As per the ‘Cross Sector — US: Store closures will hurt private label and co-branded credit card performance’ by Moody’s Investors Service, the largest issuers are Synchrony Financial Inc (unrated); Citigroup Inc (Baa1, stable); Alliance Data Systems Corporation (unrated) via its Comenity Bank (unrated) subsidiary, which was formerly known as World Financial Network National Bank; Capital One Financial Corporation (Baa1, stable); Wells Fargo & Company (A2, stable) and TD Group US Holdings LLC (A2, stable).

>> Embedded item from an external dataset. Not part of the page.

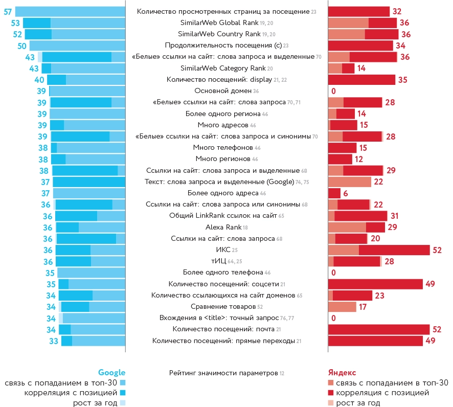 Чем отличаются сайты лидеров Google и Яндекса от тех, кто не входит в топ? Что именно делают их оптимизаторы: размещают ссылки, ставят SEO-тексты, а может, не делают ни того, ни другого? Мы постоянно анализируем эту информацию и выявляем корреляцию между позициями сайтов, которые находятся в топе и параметрами, связанными с ранжированием.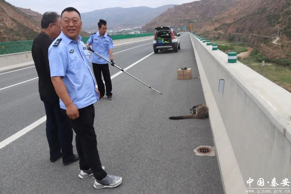 5月28日,秦安县公安局森林警察大队接热心群众报警称:在天平高速公路上(安伏段)发现一只野生动物,请求帮助。

Moody’s regulate that co-branded cards will experience similar effects from store closures, though to a smaller degree. Co-branded cards can be used at any merchant that accepts general purpose cards utilising the associated payment network (e.g. Visa and Mastercard). Sales challenges could create incentives for retailers to push for looser underwriting standards by their card issuing partners, which would weaken the credit quality of these accounts, especially new accounts.
Private-label and co-branded cards represent only a modest source of credit risk and revenues for most banks and credit card ABS trusts and the negative effects will be limited by the size of their exposure.
Citi and Capital One rely on private-label and co-branded card loans for a high single-digit percentage of their earnings, also with heavy retail concentrations. Wells Fargo and TD Bank have very modest retail private-label and co-branded credit card exposures relative to their overall loan portfolios.